▸ **Work item**
Transcribe every entry below word for word, but skip the pictures.

▸ **Entries shown**
○ ○ ○ ○ ○

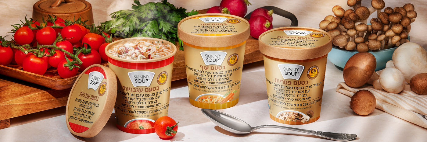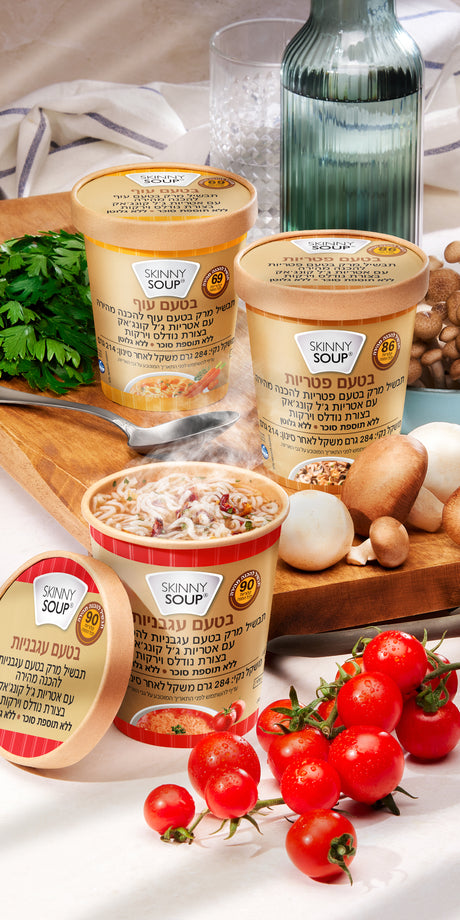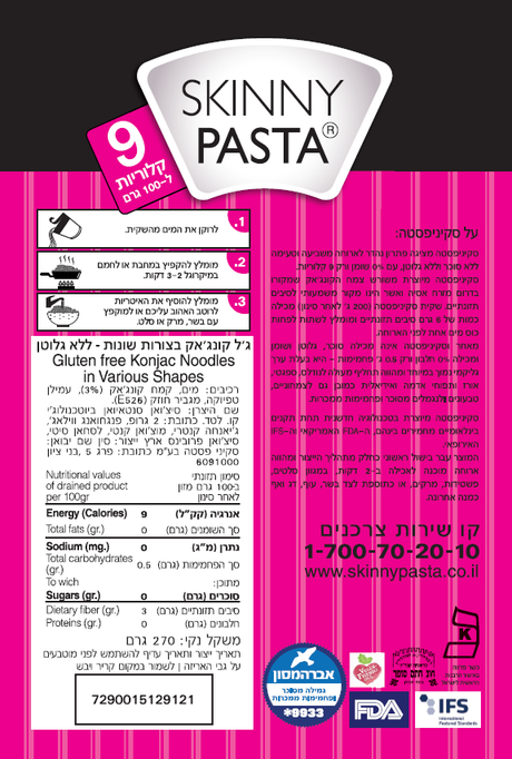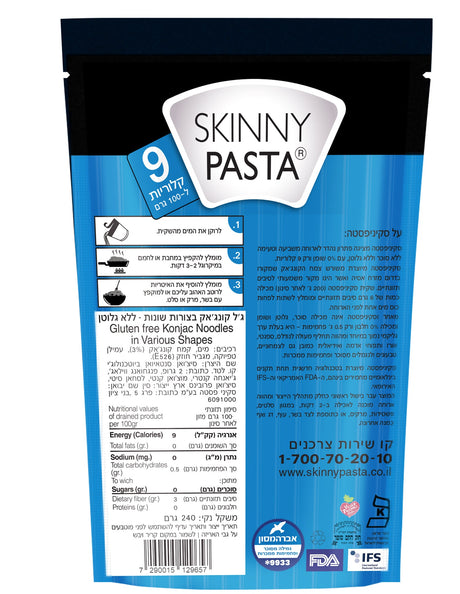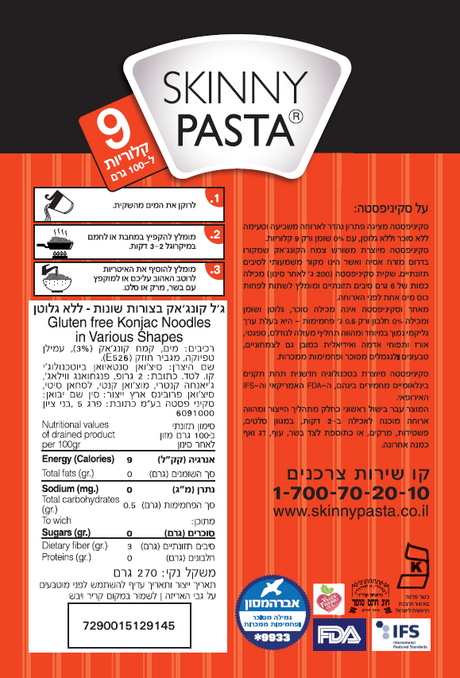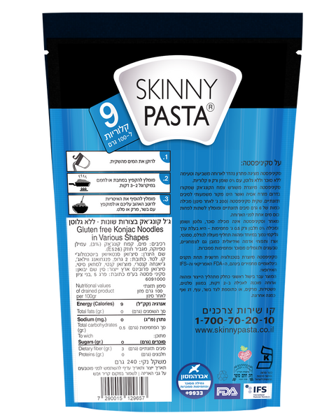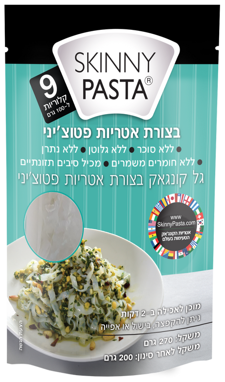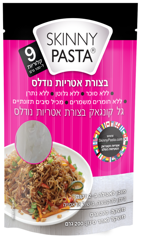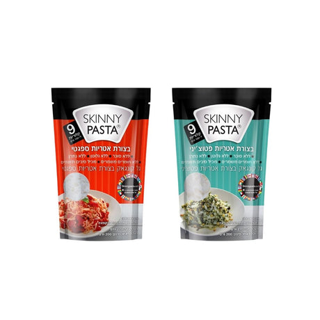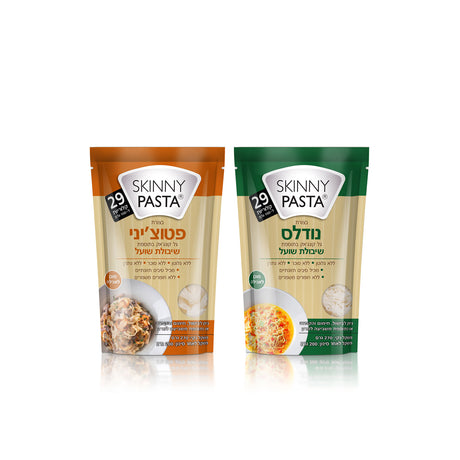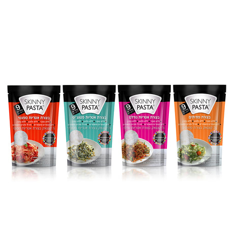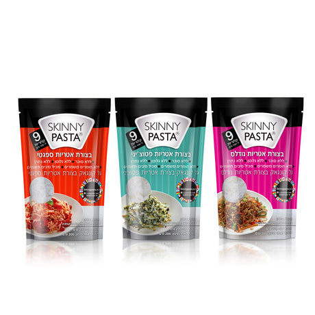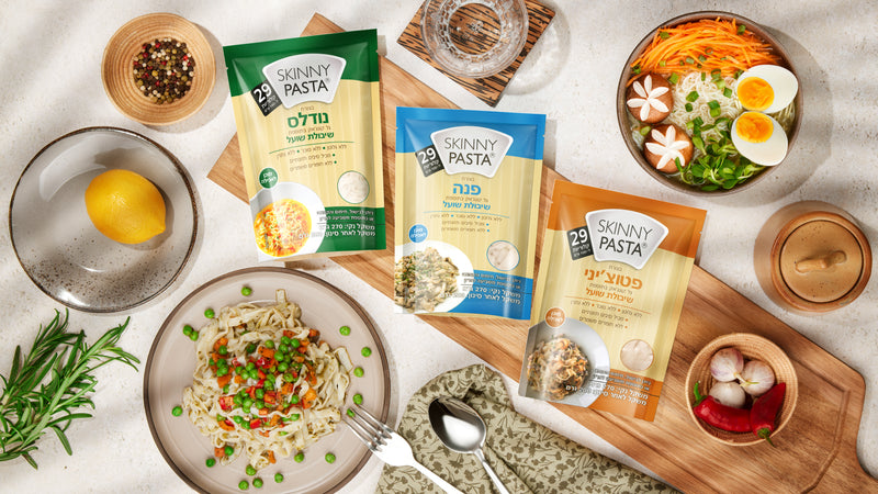 סקיני פסטה, חלוצה בתחום המזון הדיאטטי בישראל, החלה את דרכה עם אטריות הקונג'אק המהפכניות – רק 9 קלוריות ו-0.5 גרם פחמימות ל-100 גרם! מאז, אנו ממשיכים לחדש ולהרחיב את מגוון המוצרים שלנו.
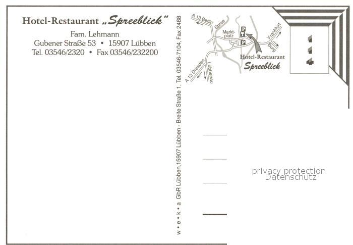 73572102 Luebben Spreewald Restaurant Hotel Spreeblick Fremdenzimmer Natur postalisch nicht gelaufen Erhaltung siehe scans [FriedD77] KatCode: 11110012061316
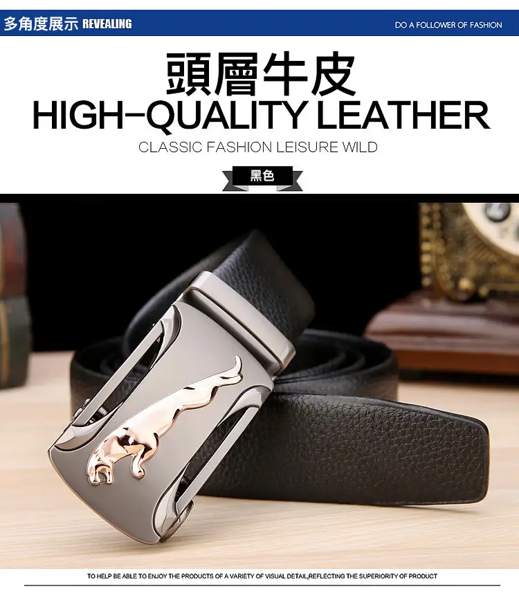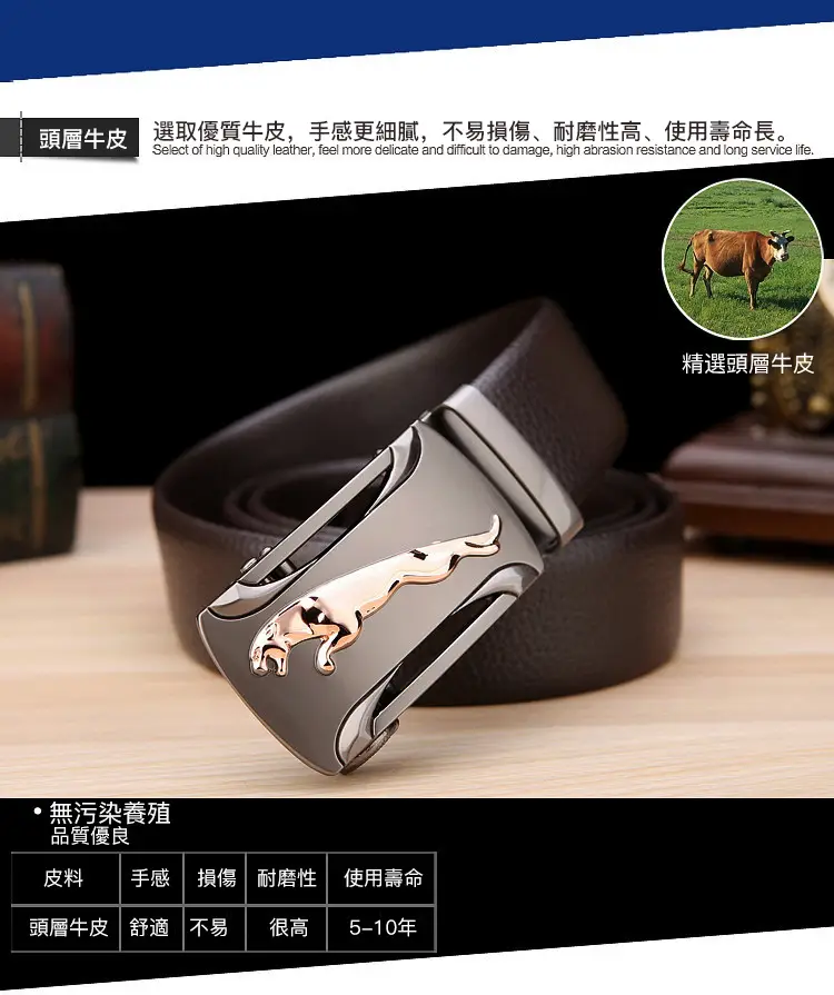 15分鐘前【官方站】男士獵豹自動扣真皮腰帶 【能用十年的真皮腰帶】 整張牛皮裁剪打造,純手工製作,耐磨耐折耐用,品質高端,彰顯男士成熟魅力
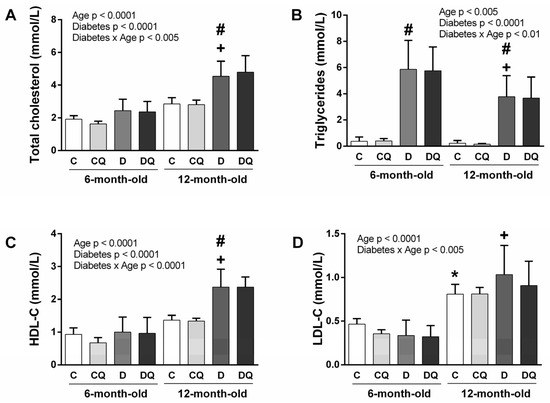 Parameters of lipid metabolism. Concentration of total cholesterol (A), triglycerides (B), HDL-cholesterol (C), LDL-cholesterol (D). Abbreviations: C—lean control vehicle-treated, CQ—lean control quercetin-treated, D—Zucker diabetic fatty (ZDF) vehicle-treated, DQ—ZDF quercetin-treated. * p < 0.05 versus 6-month-old C group, + p < 0.05 versus 6-month-old D group, # p < 0.05 versus age-matched C group. Data are presented as means ± standard deviations.
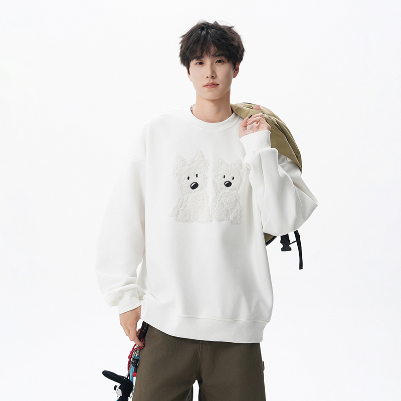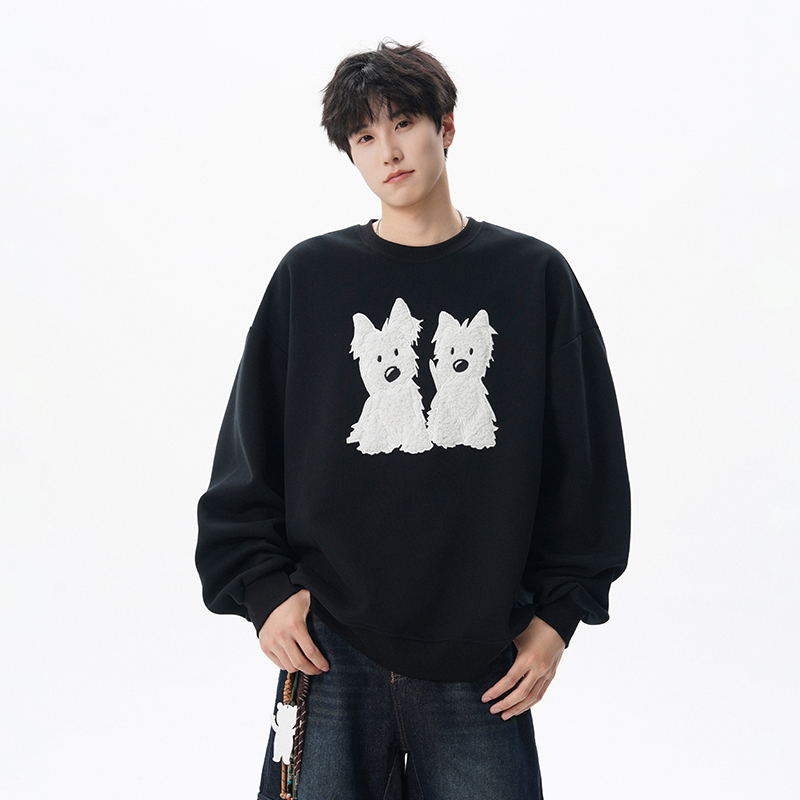 MardiMercredi摇尾珍珠小狗卫衣腊肠狗线条休闲宽松纯棉上衣新款
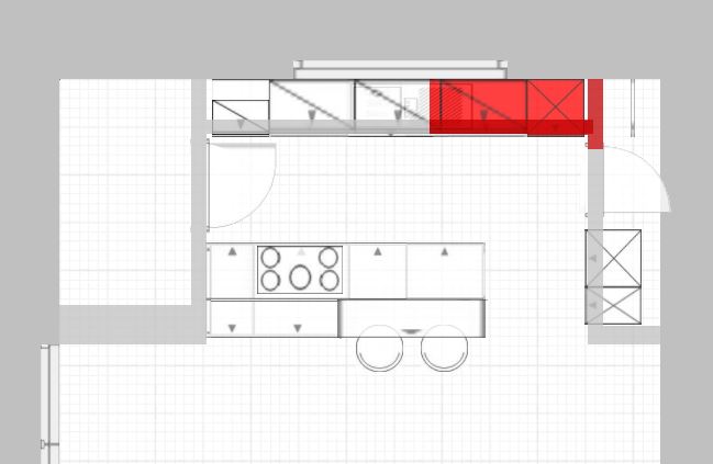 - 60 cm Durchgang in die Speis durch einen Küchenschrank

○ ○ ○ ○ ○

▸ **Output for this task**
 סקיני פסטה, חלוצה בתחום המזון הדיאטטי בישראל, החלה את דרכה עם אטריות הקונג'אק המהפכניות – רק 9 קלוריות ו-0.5 גרם פחמימות ל-100 גרם! מאז, אנו ממשיכים לחדש ולהרחיב את מגוון המוצרים שלנו.
 73572102 Luebben Spreewald Restaurant Hotel Spreeblick Fremdenzimmer Natur postalisch nicht gelaufen Erhaltung siehe scans [FriedD77] KatCode: 11110012061316
 15分鐘前【官方站】男士獵豹自動扣真皮腰帶 【能用十年的真皮腰帶】 整張牛皮裁剪打造,純手工製作,耐磨耐折耐用,品質高端,彰顯男士成熟魅力
 Parameters of lipid metabolism. Concentration of total cholesterol (A), triglycerides (B), HDL-cholesterol (C), LDL-cholesterol (D). Abbreviations: C—lean control vehicle-treated, CQ—lean control quercetin-treated, D—Zucker diabetic fatty (ZDF) vehicle-treated, DQ—ZDF quercetin-treated. * p < 0.05 versus 6-month-old C group, + p < 0.05 versus 6-month-old D group, # p < 0.05 versus age-matched C group. Data are presented as means ± standard deviations.
 MardiMercredi摇尾珍珠小狗卫衣腊肠狗线条休闲宽松纯棉上衣新款
 - 60 cm Durchgang in die Speis durch einen Küchenschrank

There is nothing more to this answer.